Glenn Close says growing up in a cult motivated her to be a better parent

Glenn Close
Fox News
October 19, 2017

Before Glenn Close became a Hollywood star, she was a member of a religious cult known as the Moral Re-Armament (MRA). But the 70-year-old insisted her traumatic childhood has helped her become a better parent to 29-year-old Annie Maude Starke.

“You’re totally pulled up from what your roots were, what you love and your family is pulled apart,” Close recalled to Closer Weekly Thursday. “It was very destructive.”

Close said her controversial past has made her determined to give her daughter a stable and loving upbringing.

“She’s wonderful and makes me incredibly proud,” explained Close. “I’m also proud that I have a great friendship with her father [producer John H. Starke], and when she turned seven she was living in the same house that she was taken home to when she was born, and we still have that house.”

Back in 2014, Close told The Hollywood Reporter she was just 7-years-old when her father, a Harvard-educated doctor, joined MRA, a group founded during the late 1930s. The publication added it was led by Rev. Frank Buchman, who was recognized as a “violently anti-intellectual and possibly homophobic evangelical fundamentalist.”

“You basically weren’t allowed to do anything, or you were made to feel guilty about any unnatural desire,” said Close at the time. “If you talk to anybody who was in a group that basically dictates how you’re supposed to live and what you’re supposed to say and how you’re supposed to feel, from the time you’re 7 till the time you’re 22, it has a profound impact on you. It’s something you have to [consciously overcome] because all of your trigger points are [wrong].”
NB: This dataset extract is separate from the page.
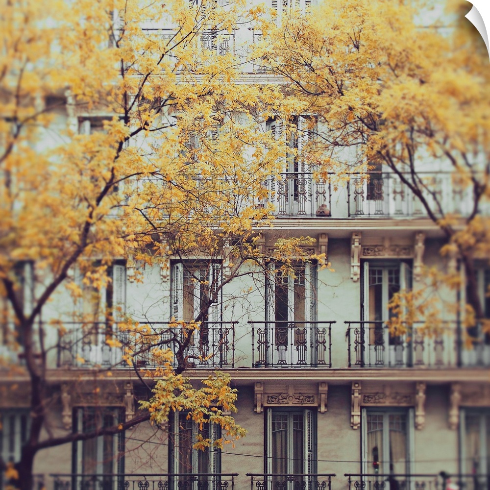<p>Facade of a c. 19th Century tenement house in central Madrid, in foreground trees with withered leaves in autumn.</p>
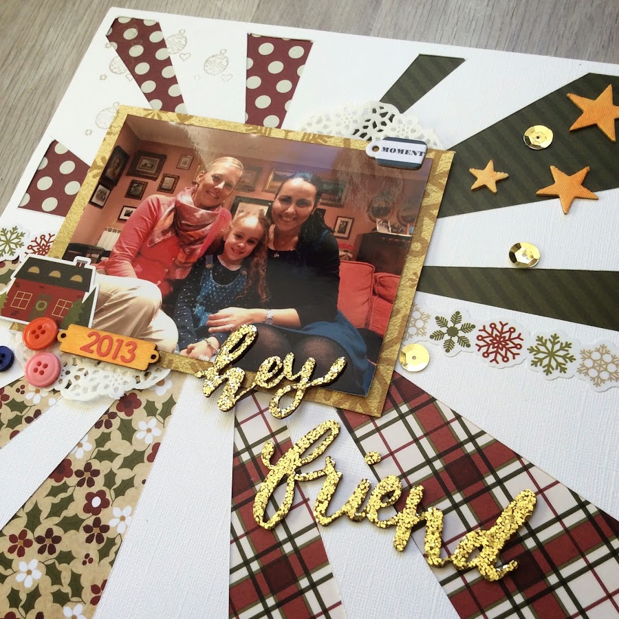 Segundo es la foto porque utilizo una foto de nosotras (yo con mi hija) con una querida amiga que tristemente solo vemos una vez al año, a veces menos porque vive muuuuuy lejos! Pero siempre que esta por Madrid la reunión no falta nunca! ¡Esta foto es del año pasado y la tenía guardada para escrapear desde hace tiempo. ¡Por fin ha visto la luz!!

Close wouldn’t reveal how she manage to leave MRA at age 22, but she did share how her memories impacted her over the years.

“I would have dreams because I didn’t go to any psychiatrist or anything,” she said. “I had these dreams, and they started with betrayal, a sense of betrayal, and then they developed into me being able to look at these people and say, ‘You’re wrong. You’re wrong.’ And then the final incarnation of those dreams was my being able to calmly get up and walk away. And then I didn’t have them anymore.”